[Source data]
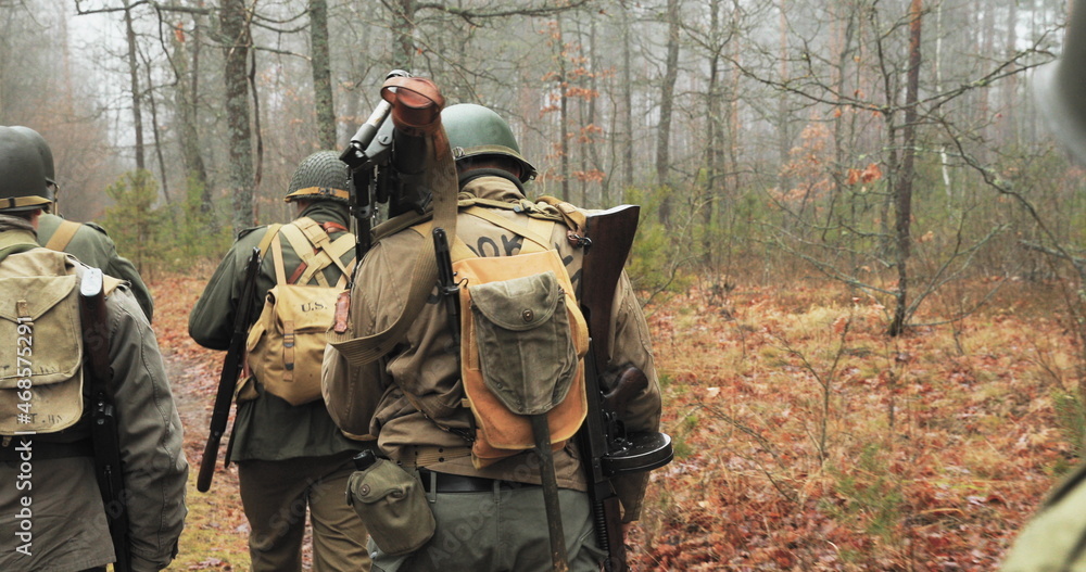 Historical Re-enactment. Re-enactors Dressed As American Soldiers Of USA Infantry Of World War II Marching Walking Along Forest Road In Autumn Day. Group of Soldiers Marching In Forest
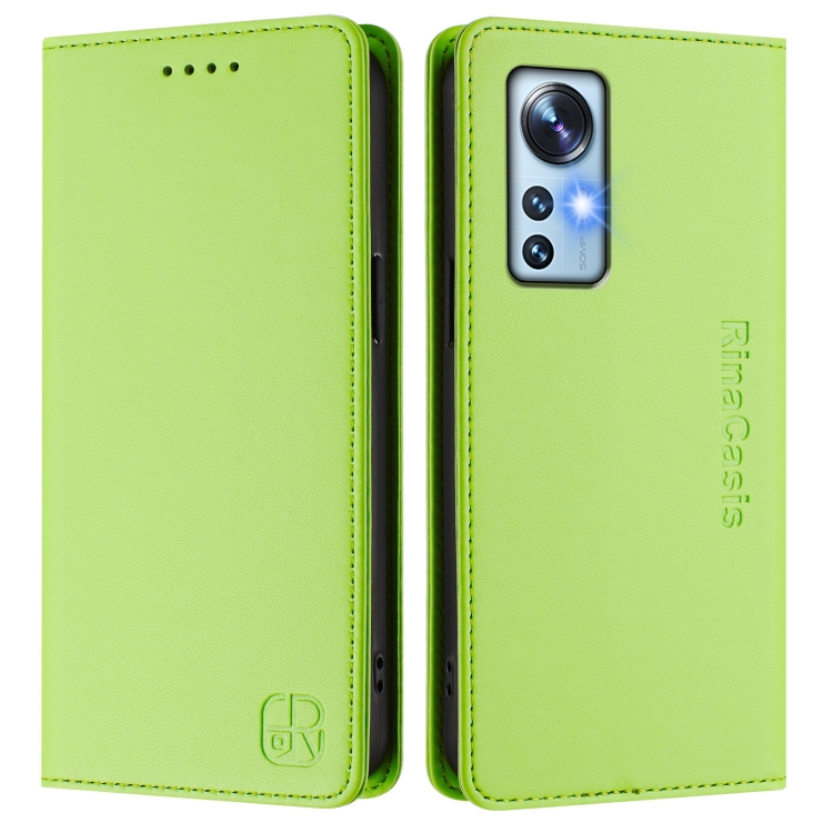 Funda de Cuero con Doble Pliegue y Succión Magnética para Teléfono Xiaomi 12 5G / 12X 5G / 12S 5G Rc01 (Verde Hierba)
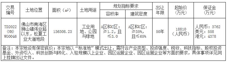 八、自本次公告起至网上挂牌截止期间,如有关于本宗地竞买文件的修改、澄清、说明等将通过网上交易系统以及佛山市南海区人民政府网发布,请有意参与竞买者密切留意。其它未尽事宜,详见本宗地的网上挂牌出让文件。
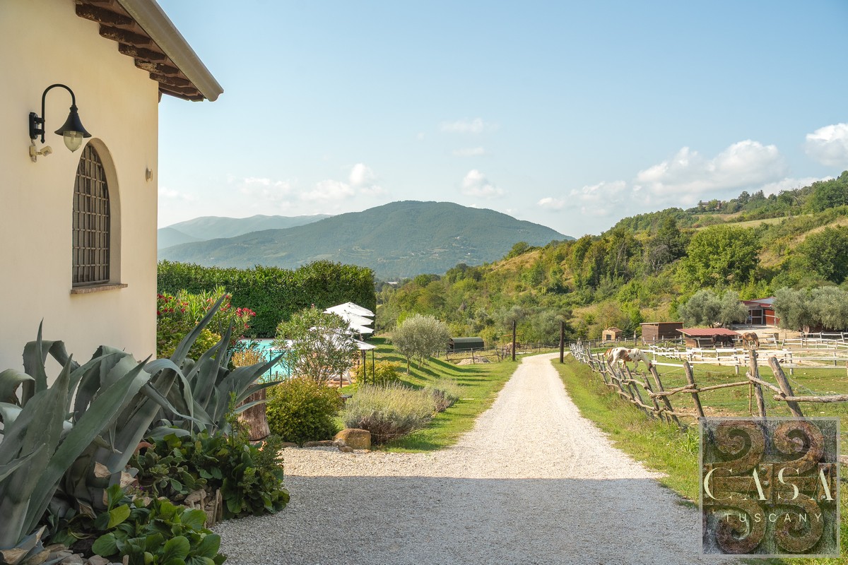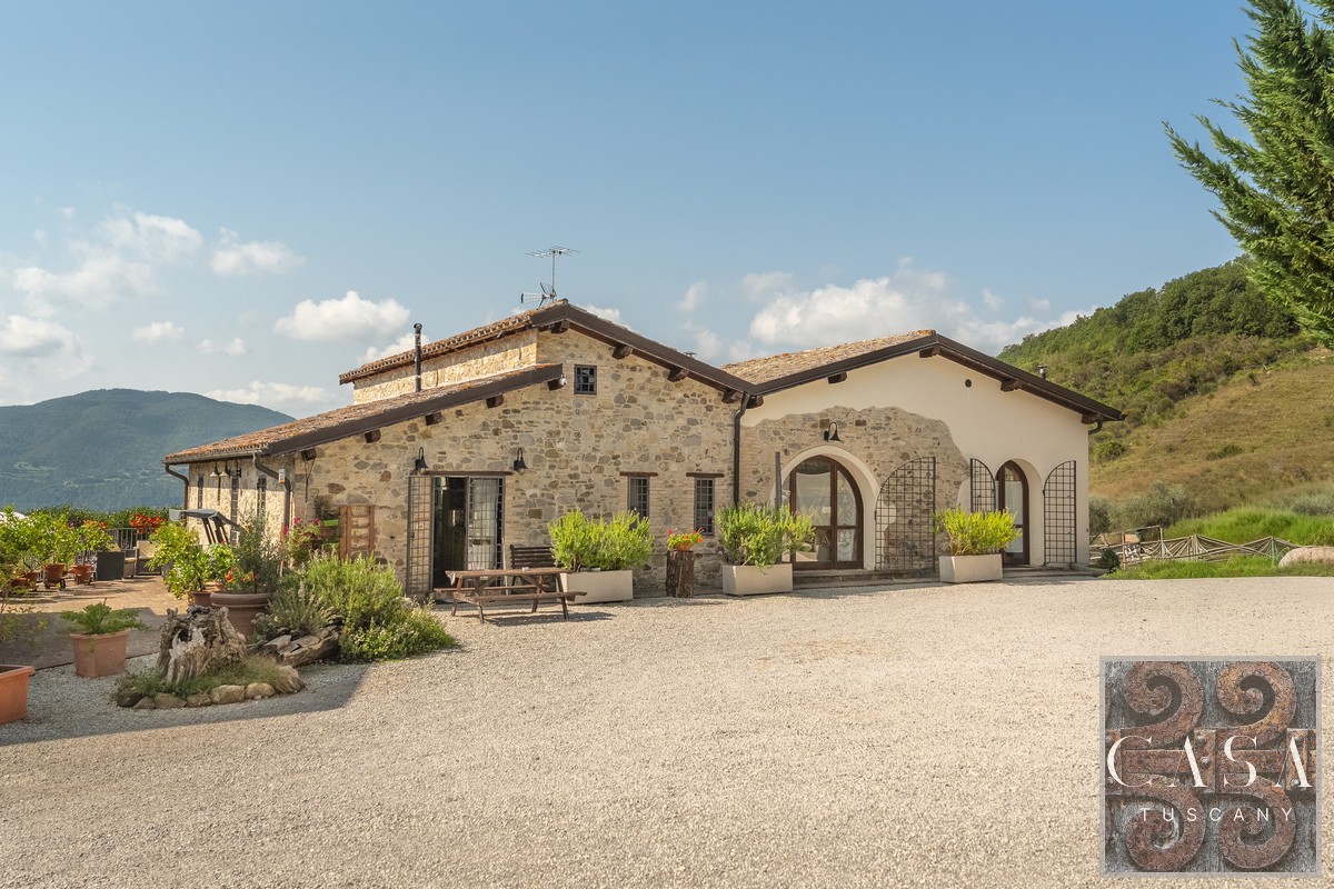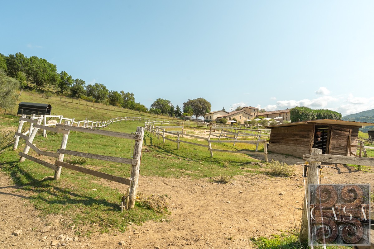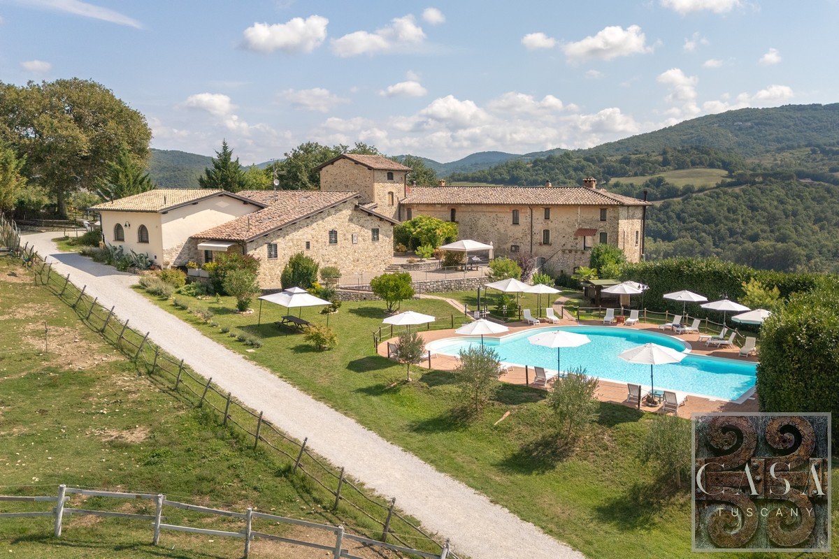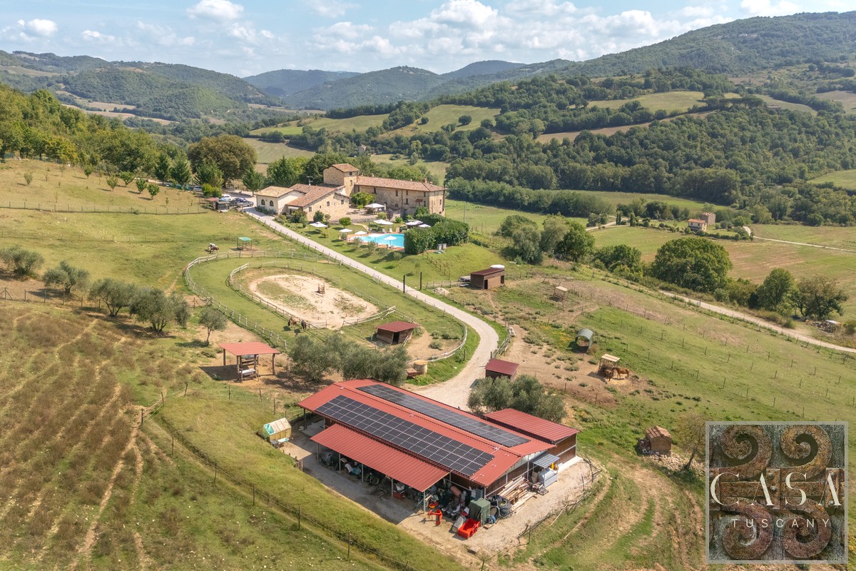 19th-century estate with stone farmhouse, guesthouse, swimming pool, land with olive grove, 6 horse stables, in Umbria, just minutes from the historic town of Umbertide.
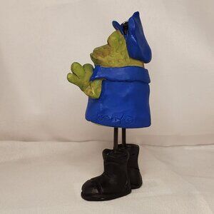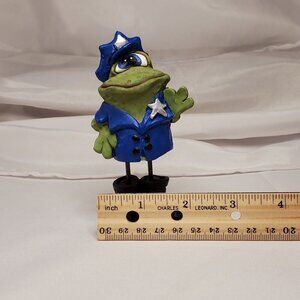 This whimsical handcrafted figurine showcases a frog dressed as a police officer, complete with a blue uniform, black boots, and a star detail. Artist-signed.
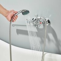 Смеситель для ванны с душем/ длинным изливом/ двухвентильный/ кран в ванную хром: сравнение цен, характеристики, фото, актуальное наличие и цены.
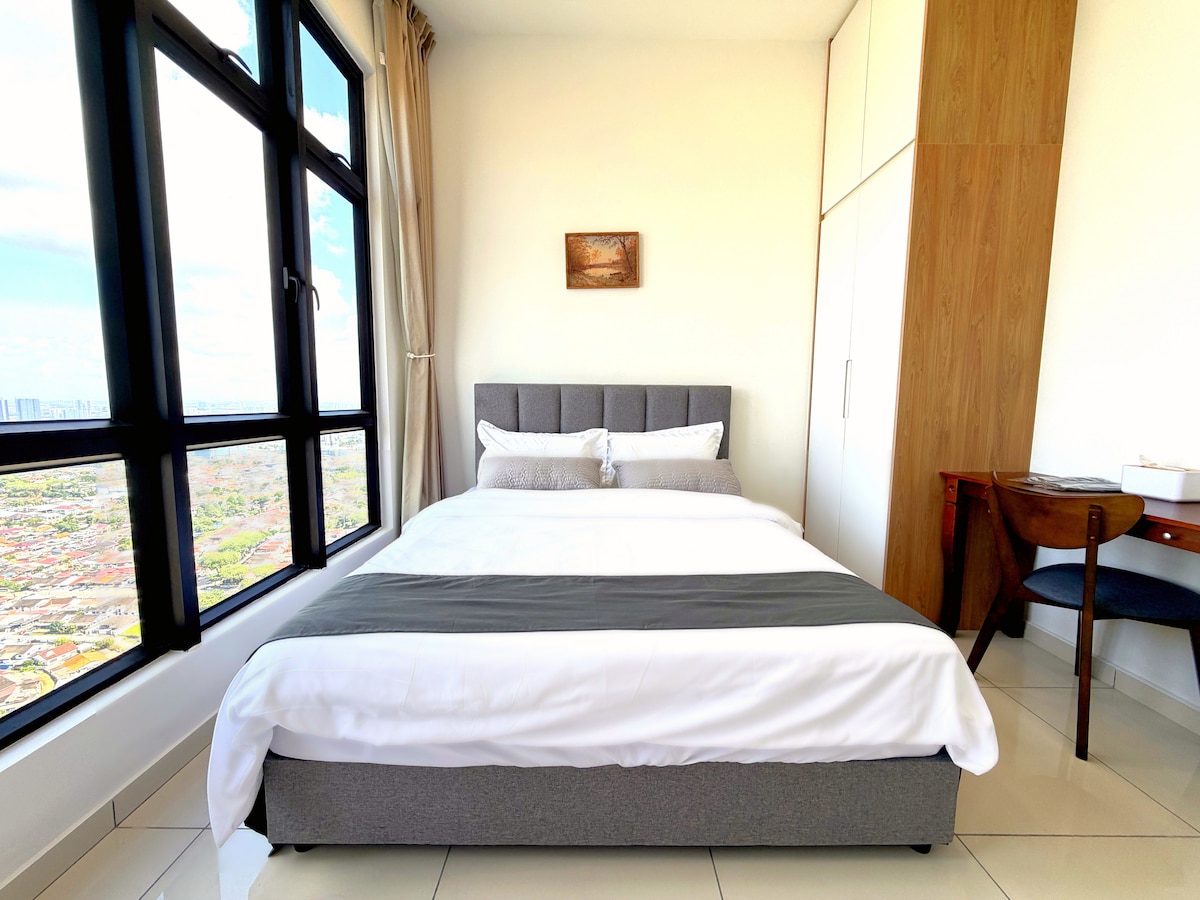 Luxurious spacious 3-Bedrooms unit with Bathtub! Premium quality King & Queen size Beds that guarantee good sleep here with amazing Midvalley Southkey Mall view! Main Highlight! -Private Bathtub -65" Smart TV with YouTube and Netflix apps -Pool Table -Retro Game Console -Drinking water Dispenser Surround with shopping mall & wide range of local tasty food - 2 mins drive to Midvalley Southkey JB - 5 mins to KSL City Mall - 8 mins to City Square Mall & Custom JB

● ABOUT THIS EXERCISE
Leave out every picture, and copy exactly the lines above starting at the one holding "八、自本次公告起至网上挂牌截" and ending at the one holding "This whimsical handcrafted", no more and no less.

● TASK OUTPUT
 八、自本次公告起至网上挂牌截止期间,如有关于本宗地竞买文件的修改、澄清、说明等将通过网上交易系统以及佛山市南海区人民政府网发布,请有意参与竞买者密切留意。其它未尽事宜,详见本宗地的网上挂牌出让文件。
 19th-century estate with stone farmhouse, guesthouse, swimming pool, land with olive grove, 6 horse stables, in Umbria, just minutes from the historic town of Umbertide.
 This whimsical handcrafted figurine showcases a frog dressed as a police officer, complete with a blue uniform, black boots, and a star detail. Artist-signed.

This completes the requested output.